Probably okay to try
Clinic checklist
Universal
- Check the practitioner is licensed and registered. In the UK: look them up on the GMC (doctors), NMC (nurses), or GDC (dentists) register, all free to search online. In the US: search your state medical board. Takes 2 minutes. If they cannot tell you their regulatory body, leave.
- Ask to see the product box before treatment. It should be factory-sealed with a visible lot number and expiry date. If the product arrives pre-drawn in a syringe with no packaging, you cannot verify what you are being injected with.
- You should receive a written consent form before treatment. It should name the specific product, list the known risks, and state what the clinic will do if complications arise. A single generic form with no product name is not adequate.
- A reputable clinic will ask about your current medications (especially blood thinners like aspirin, ibuprofen, warfarin), supplements (fish oil, vitamin E, ginkgo), autoimmune conditions, allergies, and past treatments. If no one asks, they are skipping a safety step.
- Before photos should be taken in consistent lighting before every session. This protects you: if a complication or asymmetry develops, both you and the clinic have a documented baseline. If a clinic does not take before photos, they are not tracking outcomes.
- Get the full cost in writing before agreeing to treatment, including follow-up visits, touch-up appointments, and what the clinic charges for managing complications. Verbal quotes are not binding.
Procedure-specific
- Ask: what volume do you dilute each vial to, and how long before the appointment was it reconstituted? The answer should be at least 6ml per vial, reconstituted at least a few hours in advance. Same-day preparation in a small volume increases unpredictable spread.
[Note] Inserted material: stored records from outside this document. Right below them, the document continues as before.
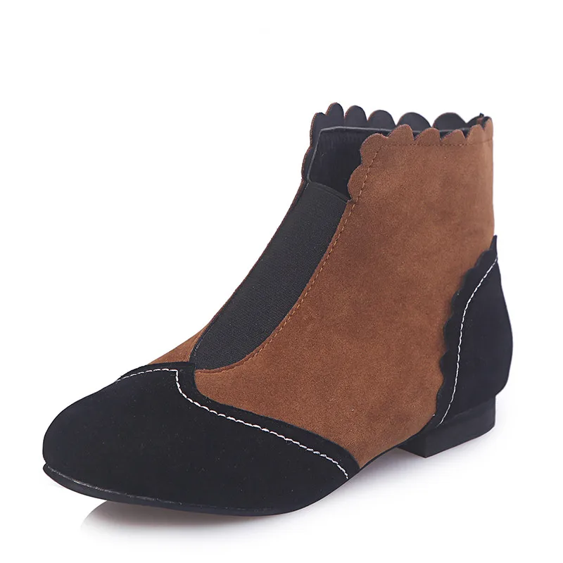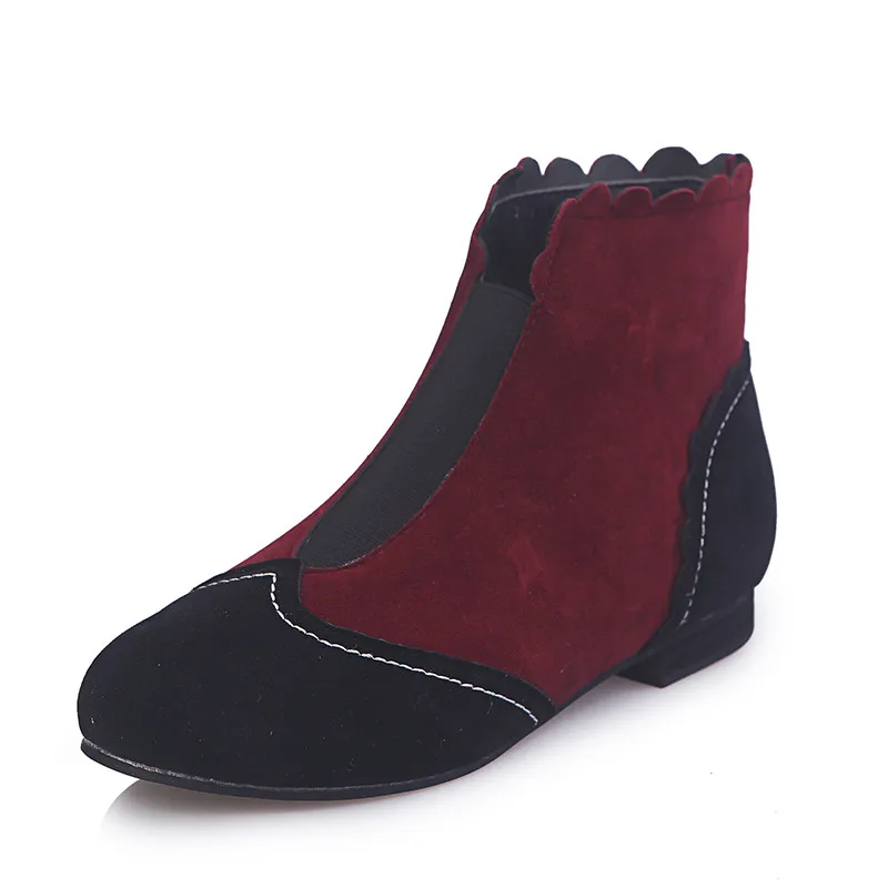 Women's Suede Flat Color Matching Large Size Shoes Fashion Low Tube Warm Boots
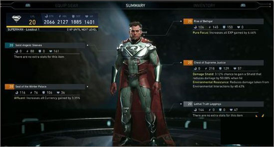 游戲中有成百上千種物品可以獲取,每項物品的影響能力也不同。除了對角色屬性的影響外,還有一些稀有裝備有一些特殊效果,比如 新的視覺特效,或者增加每場戰斗中獲得金幣數量等。如果能夠收集到完整的一整套裝備,還會得到額外的增益,比如增加蝙蝠俠蝙蝠鏢的射程。
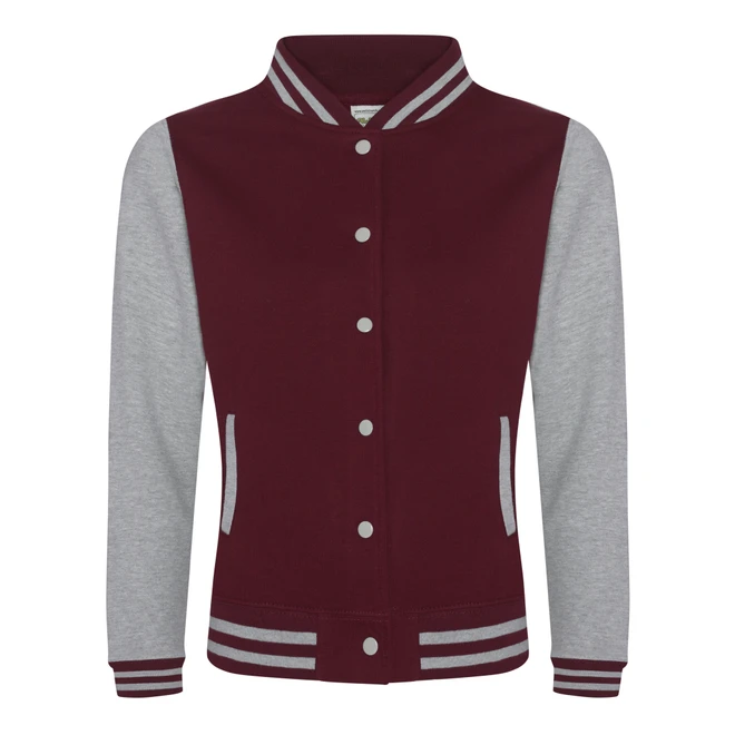 Dámský střih, pletený límec, manžety a dolní lem - pruhovaný detail, kontrastní rukávy, zapínání na cvočky v kontrastní barvě, lemované boční kapsy, jednoduchá změna značky, ideální povrch pro potisk.
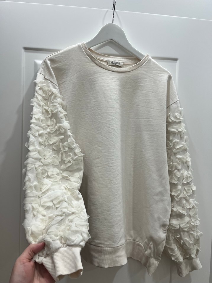uzun kollu,kollarında fırfır detaylı, bol kesim krem sweatshirt. Günlük kullanıma uygun, yuvarlak yakalı ve rahat sokak ya da ev stili.
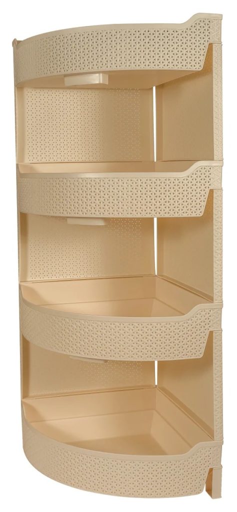 Quatre étagères semi-circulaires à l'avant ont des côtés en plastique ajouré et deux parois arrière faites du même matériau. Les contenants sont fabriqués selon le type de plateaux. Ils sont montés sur guides, faciles à démonter, à laver.
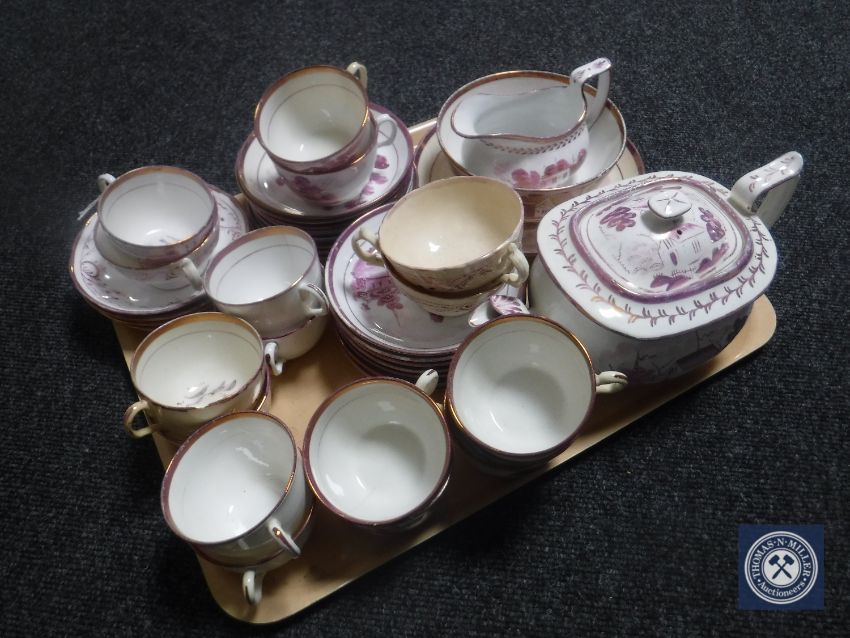 Fifty-four pieces of antique lustre tea china
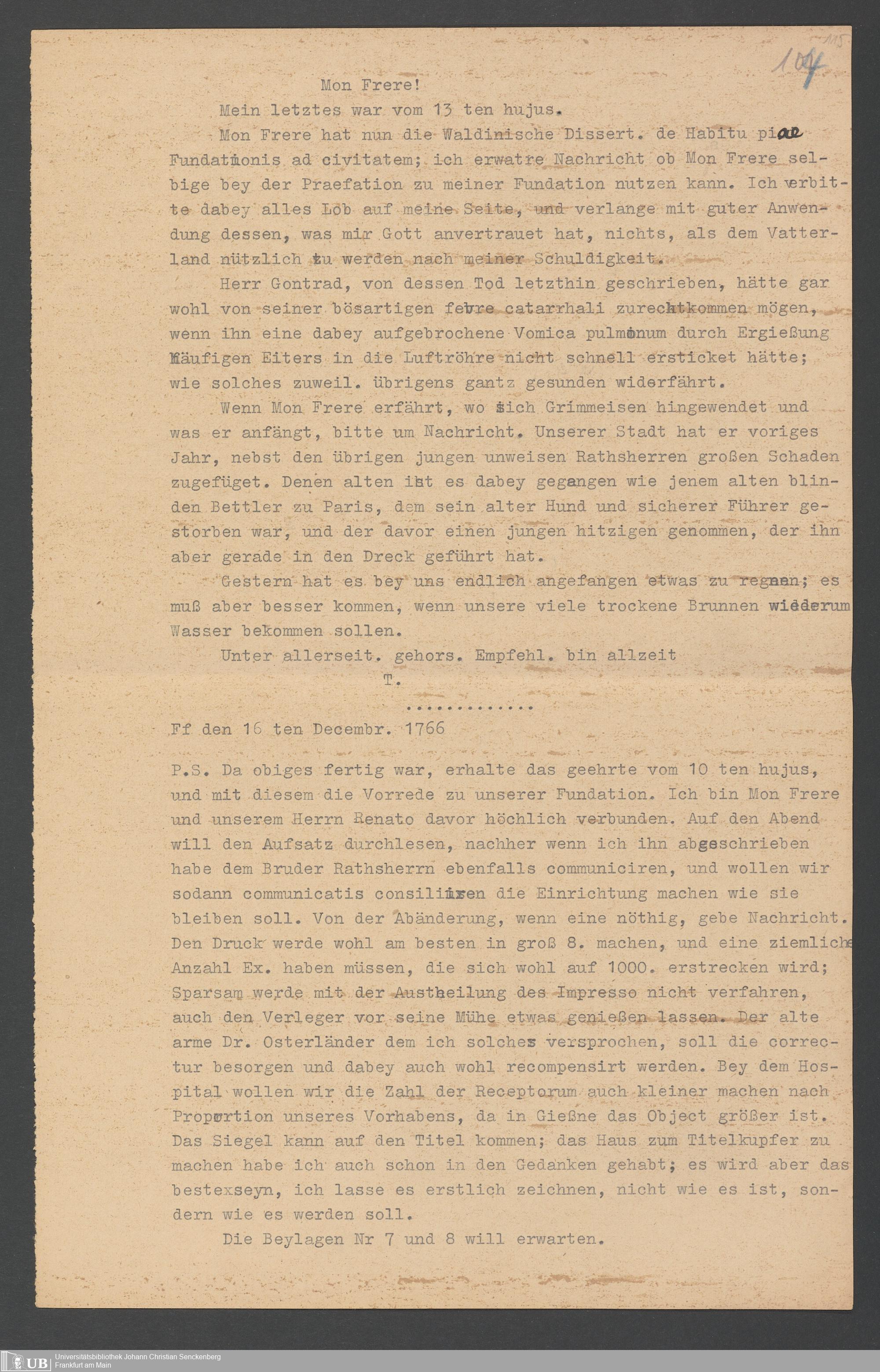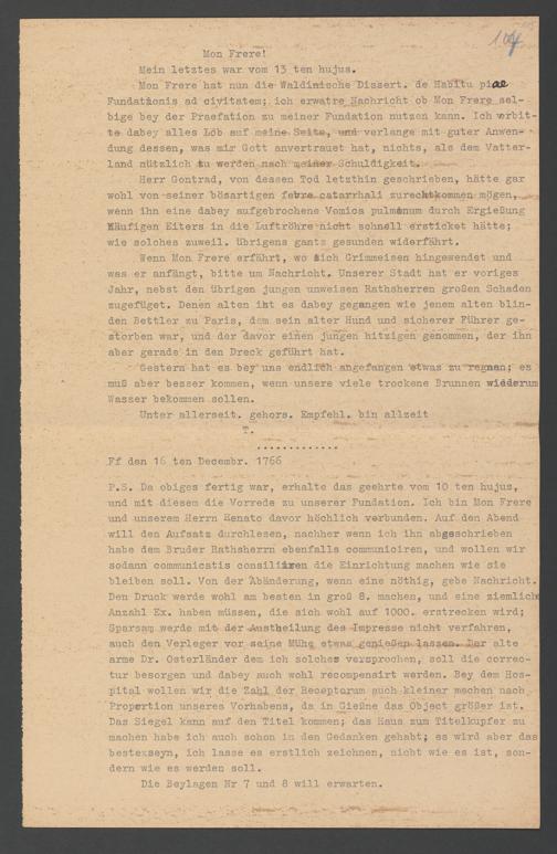 Na 31 Nachlass Johann Christian Senckenberg, 357 - Briefe Heinrich Christian Senckenbergs
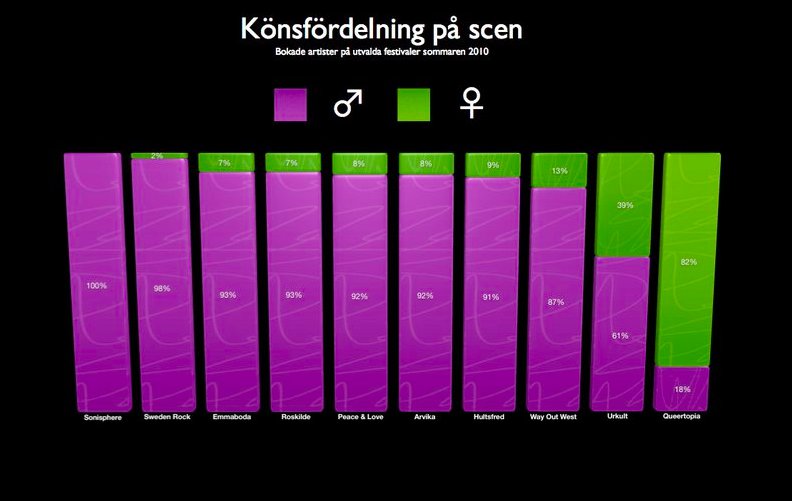 Hörru lilla tolvåring som skriver så otrevliga kommentarer, tagga ner lite va. Om du nu inte tycker att konst skall påverkas av kön så borde du ju kanske tycka att det är konstigt att en så extrem majoritet av de som uppträder på festivalerna är män, trots att det finns sjukt mycket tjejer som håller på med musik också. Det går ju att problematisera varför det är så, eller är vi äckliga då?
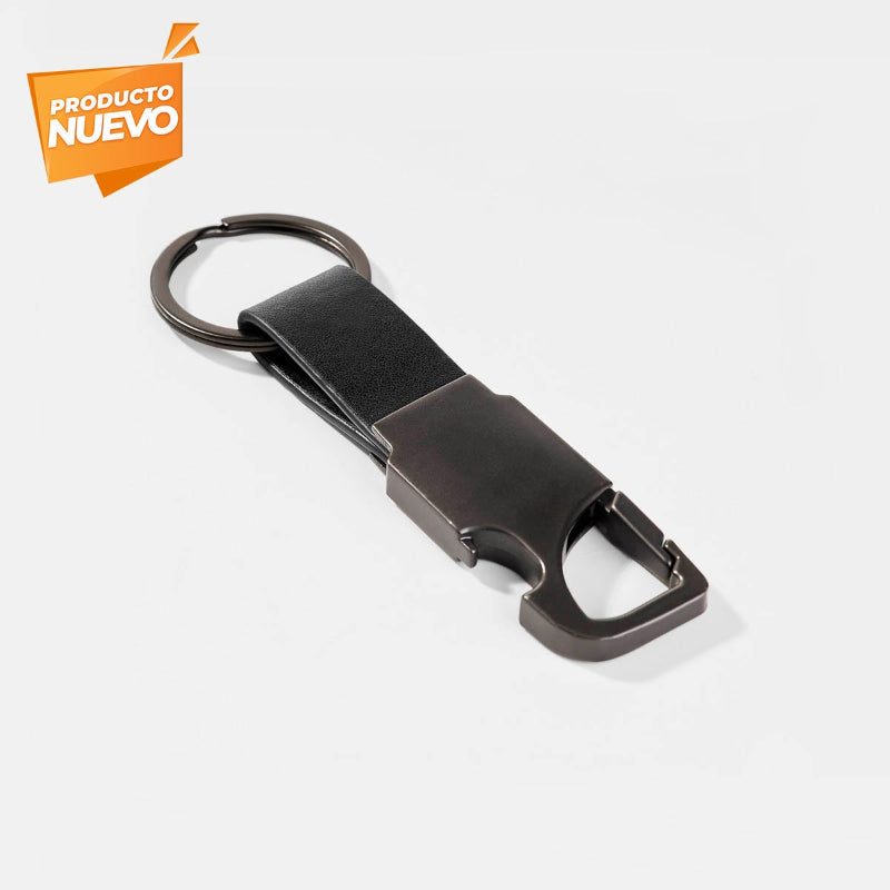 Llavero metálico con correa de curpiel. Mantiene tus llaves organizadas e incluye un prático destapador. Además, su gancho tipo mosquetón te permite llevar tus accesorios preferidos de forma segura y accesible. Compacto y versátil, perfecto para quienes buscan un accesorio que combine elegancia y utilidad.
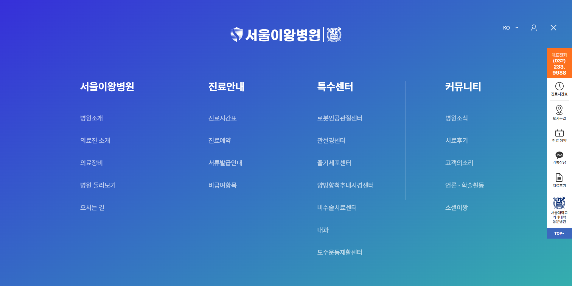 로봇인공관절·양방향척추내시경 등 7개 특수센터 전용 메뉴 구조
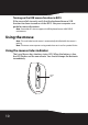 Turning on the USB mouse function in BIOS If the mouse fails to work, verify that the keyboard/mouse USB function has been turned on in the BIOS. See your computer user guide for more information. Note: Some older PCs do not support the USB keyboard/mouse in BIOS/DOS environment. Using the mouse Note: The scroll wheel on the mouse is automatically disabled while the mouse is pairing. Note: The mouse enters a power-saving mode when not in use for a period of time.

- Ask: what brand of botulinum toxin are you using today, and can I see the sealed vial before you draw it up? Different brands are not interchangeable unit-for-unit. A practitioner who cannot name the product or show you the sealed vial is not being transparent about what you are receiving.
- Ask: is a free 2-week review included in this appointment? Botox takes up to 14 days to fully settle, and small corrections can only be made in that window. A clinic that charges extra for the review, or discourages it, is not standing behind its outcomes.
Educational content only. This page summarises published clinical research and is not medical advice. Consult a qualified healthcare provider before making decisions about your care.